Today is the fortieth anniversary of my father’s sudden death. I’ve never been able to ignore this anniversary, not least because it marks the day my childhood ended. Despite now being in my fifties, at times of extreme difficulty, I speak to the black and white photo I have of my parents taken on their wedding day and ask them: “If you have any influence, wherever you are now, help me, please.”
That embarrassing admission shows how, when life is challenging, no matter how old we are, there’s often still a yearning for Mum and Dad to sort it all out.
As children, we suppose our parents know the answers to everything – I certainly didn’t realise Dad was still learning himself until he returned from a business trip to Moscow when I was about six and I asked him to speak to me in Russian. When he told me he couldn’t do that, I simply asked him to speak to me in Chinese instead. Sensing my disappointment in his linguistic abilities, Dad saved the day by offering to show me how to write the Russian alphabet, although he likely made up most of the letters on the spot.
For the past five years, I’ve been older than Dad ever lived to be.
I’m older than my dad! Is it strange how his influence still informs the way I think and behave in a world he wouldn’t recognise? Probably not. While I’ve had to stick the memories others have of my dad to my own memories in order to find his true character, his essence is with me in his moral code and values. I look up to him and often ask myself what he would think. I imagine he would be intrigued by the Mac I’m typing at now when the computer he grappled with in the ’70s filled a room. I expect he would marvel at the mobile phones we carry, having begun his career as a telephone engineer.
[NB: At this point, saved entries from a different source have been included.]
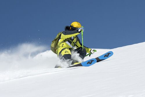 Può essere montato con un set-up da ski-touring da usare per brevi risalite con le pelli per andare a ricercare spot ancora vergini. Uno sci da avere per gli "Epic Day in Powder".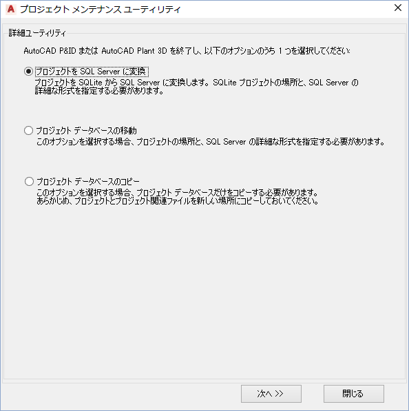 [次へ]をクリックすると、[プロジェクト メンテナンス ユーティリティ - プロジェクトを SQL Express に変換]ダイアログ ボックスが表示されます。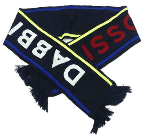 Tmavomodro-farebná šál s nápismi a pruhmi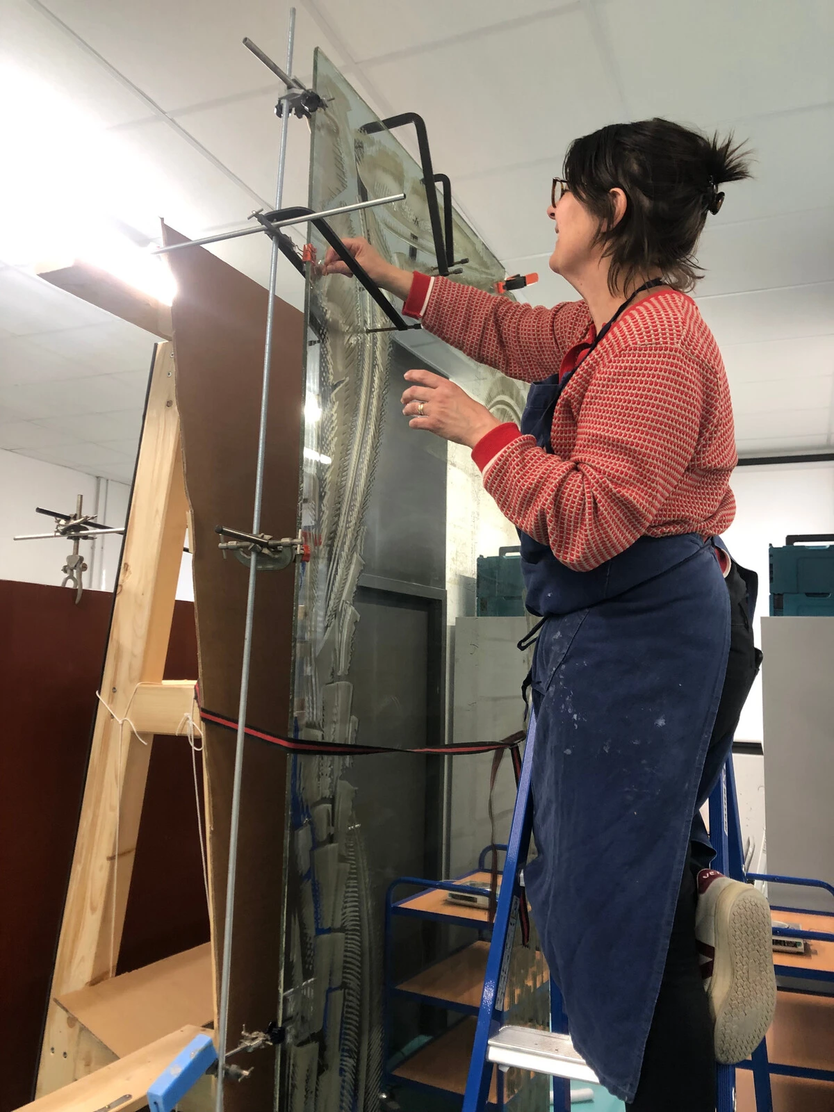 Allégement de vernis en cours pour une œuvre d’Arthur Guéniot Le modèle Léonard Abbruzzeze par le groupement de Bertrand Bedel. © Bertrand Bedel, 2022-2023
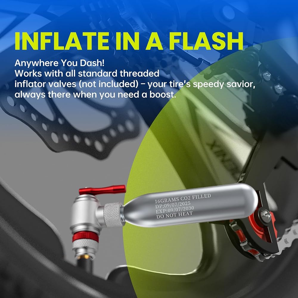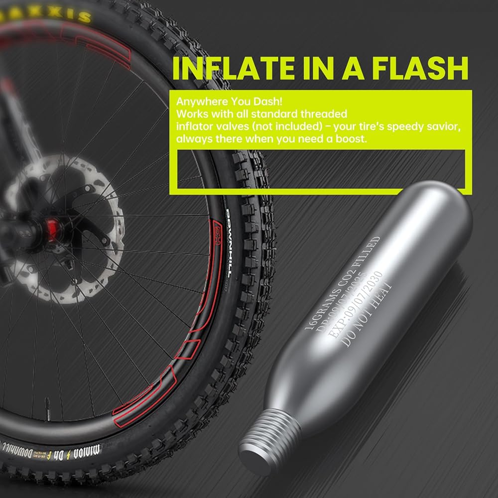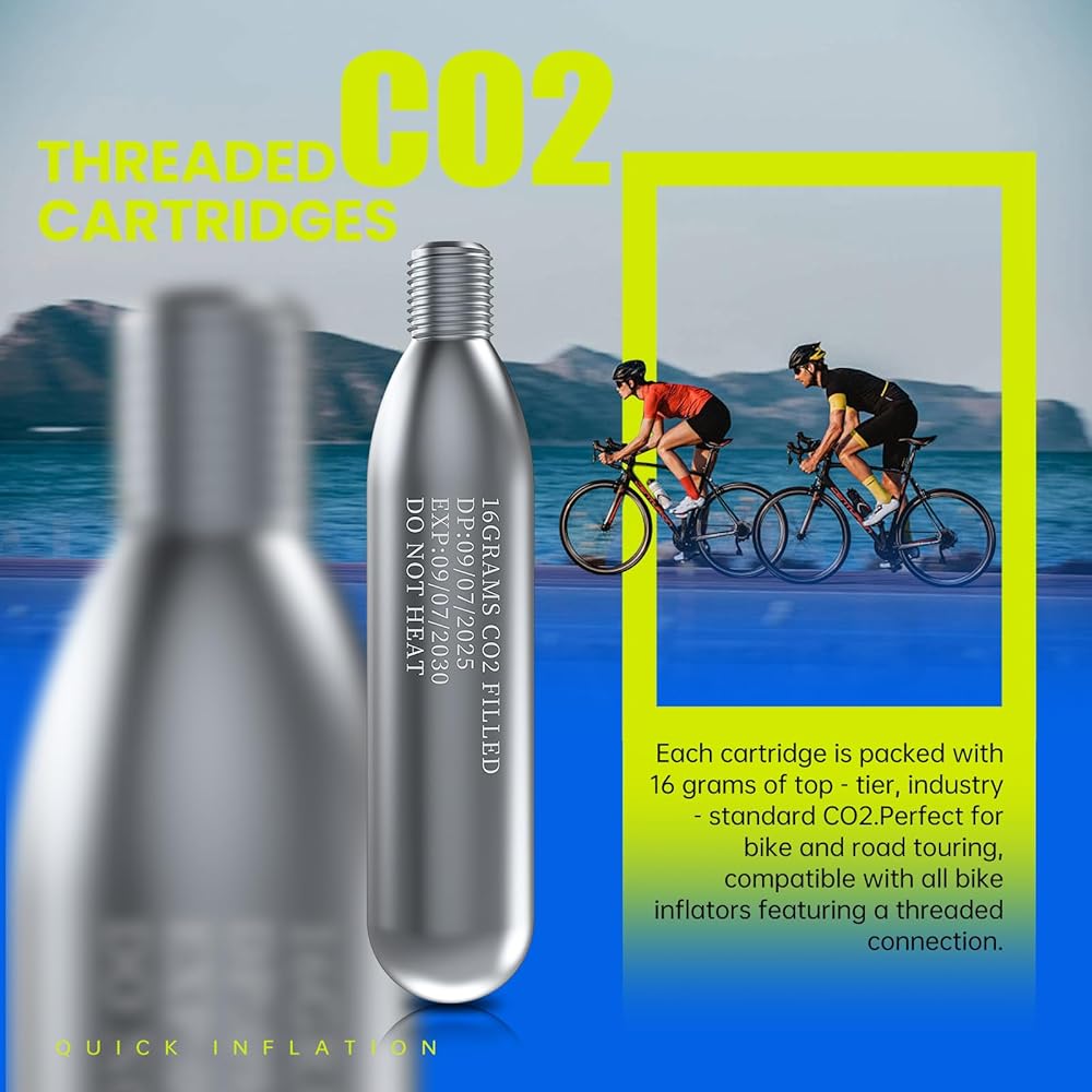 نفخ سريع وسهل للإطارات: توفر خراطيش ثاني أكسيد الكربون الملولبة بوزن 16 جرام نفخًا سريعًا وعالي الضغط - احصل على إطار دراجة على الطريق يصل إلى 130 رطل لكل بوصة مربعة أو إطار دراجة جبلية يصل إلى 42 رطل لكل بوصة مربعة في ثوانٍ معدودة. مثالية للإصلاحات السريعة على جانب الطريق أو الإصلاحات العاجلة في يوم السباق، مما يضمن عودتك إلى المسار أو الطريق دون تأخير.

On reaching the age of sixty, my elder brother told me how he still follows Dad’s guidance by striving to be the son he would have been proud of. Perhaps it’s easier for Marcus to imagine Dad’s responses to all those achievements and milestones because of the brief friendship they shared as Marcus began maturing into a young man – before it suddenly stopped.
But no matter how hard my brother tries, and no matter how good we are, we’ll never get Dad back.
He’s still my senior, above me in the family hierarchy which may seem odd now that I’m a nana and at the generational top of my own family. We are still connected and there are many times connections are made. Today I had a look online at the Russian alphabet. The word ‘Nana’ translates as ‘Dad’ and I’m happy to have learned that today.